■ **EXCERPTED DATA**
*** Block opens ***
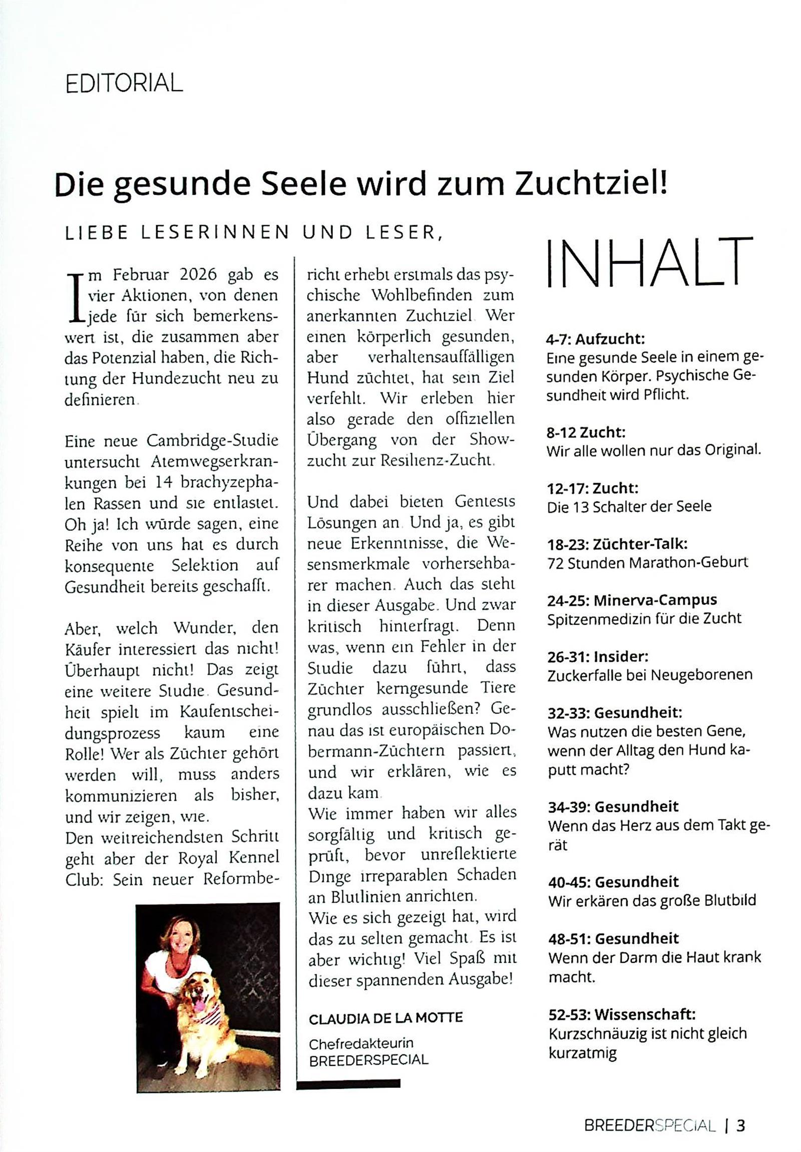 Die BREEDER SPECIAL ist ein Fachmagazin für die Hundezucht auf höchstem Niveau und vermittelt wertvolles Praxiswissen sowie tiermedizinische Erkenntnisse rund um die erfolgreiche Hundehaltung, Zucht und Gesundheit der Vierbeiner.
*** Block closes ***
*** Block opens ***
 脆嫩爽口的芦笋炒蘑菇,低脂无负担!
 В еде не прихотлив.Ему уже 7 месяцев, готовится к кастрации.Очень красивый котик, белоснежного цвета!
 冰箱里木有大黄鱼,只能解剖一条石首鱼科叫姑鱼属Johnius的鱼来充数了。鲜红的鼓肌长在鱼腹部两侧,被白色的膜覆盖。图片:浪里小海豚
*** Block closes ***
*** Block opens ***
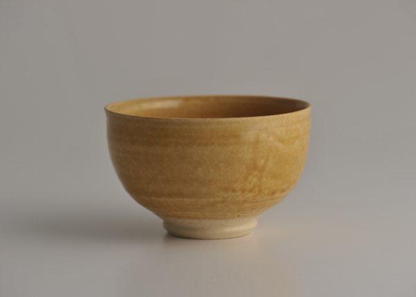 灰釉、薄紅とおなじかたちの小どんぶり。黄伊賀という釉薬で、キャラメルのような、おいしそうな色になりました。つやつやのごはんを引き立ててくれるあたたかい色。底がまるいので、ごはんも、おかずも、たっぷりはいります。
*** Block closes ***
■ **YOUR INSTRUCTIONS**
Please give back, exactly as it stands above, the stretch from the line with "脆嫩爽口的芦笋炒蘑菇,低脂无负担!" through the line with "冰箱里木有大黄鱼,只能解剖一", and no line outside it.

■ **FINISHED TASK**
 脆嫩爽口的芦笋炒蘑菇,低脂无负担!
 В еде не прихотлив.Ему уже 7 месяцев, готовится к кастрации.Очень красивый котик, белоснежного цвета!
 冰箱里木有大黄鱼,只能解剖一条石首鱼科叫姑鱼属Johnius的鱼来充数了。鲜红的鼓肌长在鱼腹部两侧,被白色的膜覆盖。图片:浪里小海豚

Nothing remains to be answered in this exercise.